You know you're special if you get one of those horribly-wrapped, carefully-chosen gifts. But even if you don't, there's always the chocolates and cookies and candy canes that mysteriously appear in the break room all month long. Very few people have figured out where they come from.
Grissom is the guy who has to watch the Christmas classics if he catches them on TV. He always buys a fresh tree. On the way to a scene, he points out houses that have particularly elaborate lights. He writes Christmas cards to his mother's friends in her absence. He will work a triple shift over the holiday if it means someone with a family can spend as much of it as possible with them. He drops money into every bell-ringer's pot.

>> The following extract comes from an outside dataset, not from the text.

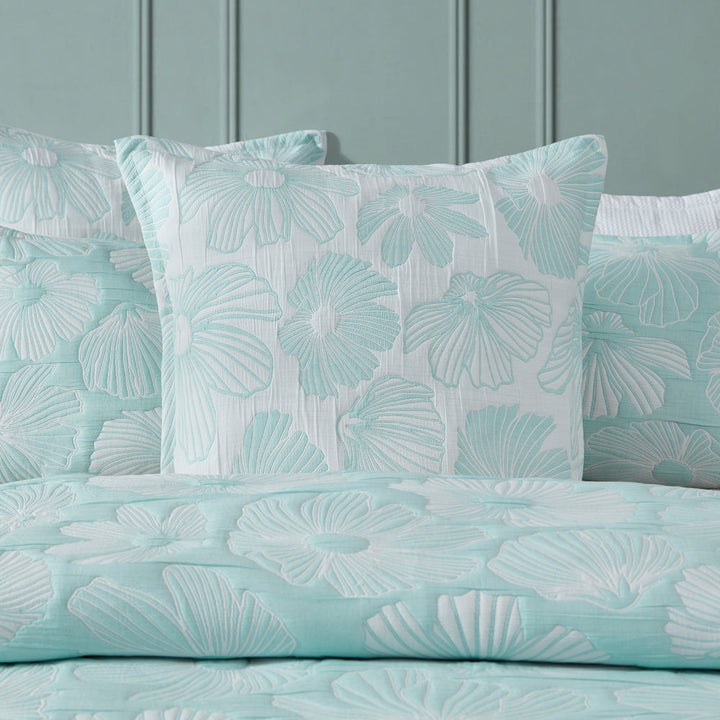 Platinum Logan and Mason Poppi Aqua European Pillowcase is a modern design with a contemporary flair, showcasing stylized poppy flowers in a random pattern repeat. The delicate line work and silhouetted shapes highlight the technical fabric construction. The refined tailored self-flange adds a polished finish to the look.

For him, Christmas is a cultural joy, rather than a holy day, but he embraces it with uncharacteristic enthusiasm. Maybe it's because it's the one night of the year where it almost seems like there really could be peace on earth and goodwill towards all men.
As he likes to quote Lenora Weber, "Christmas is for children. But it is for grownups, too. Even if it is a headache, a chore, and nightmare, it is a period of necessary defrosting of chill and hide-bound hearts." Grissom needs one day to recover from the other 364.
On my seventh year in Vegas, there were no cookies in the break room. He didn't buy Christmas cards. I set up our TV to record "A Charlie Brown Christmas," only to find that it was deleted the next day. When I suggested we go tree shopping, I was told to buy a fake one if I had to get one at all. I had to remind him about the bell ringers before he walked right past them.
On Christmas Eve, Grissom gave me a gift-wrapped package containing some expensive perfume that we both knew I would never wear.
It was the last straw.
"You have to go," I told him that night as we lay in bed. "I want my secret Santa back."
He held me in the dark, well into Christmas morning. At dawn, he finally spoke.
"I miss him, too."
We kissed and I cried a little, which I never did before I fell in love with him. Later, I made pancakes while he wrote a letter, formally accepting the teaching position on the other side of the country.
While we ate, we caught the last part of "It's a Wonderful Life," just in time to hear the tinkle of bells as the angel got his wings.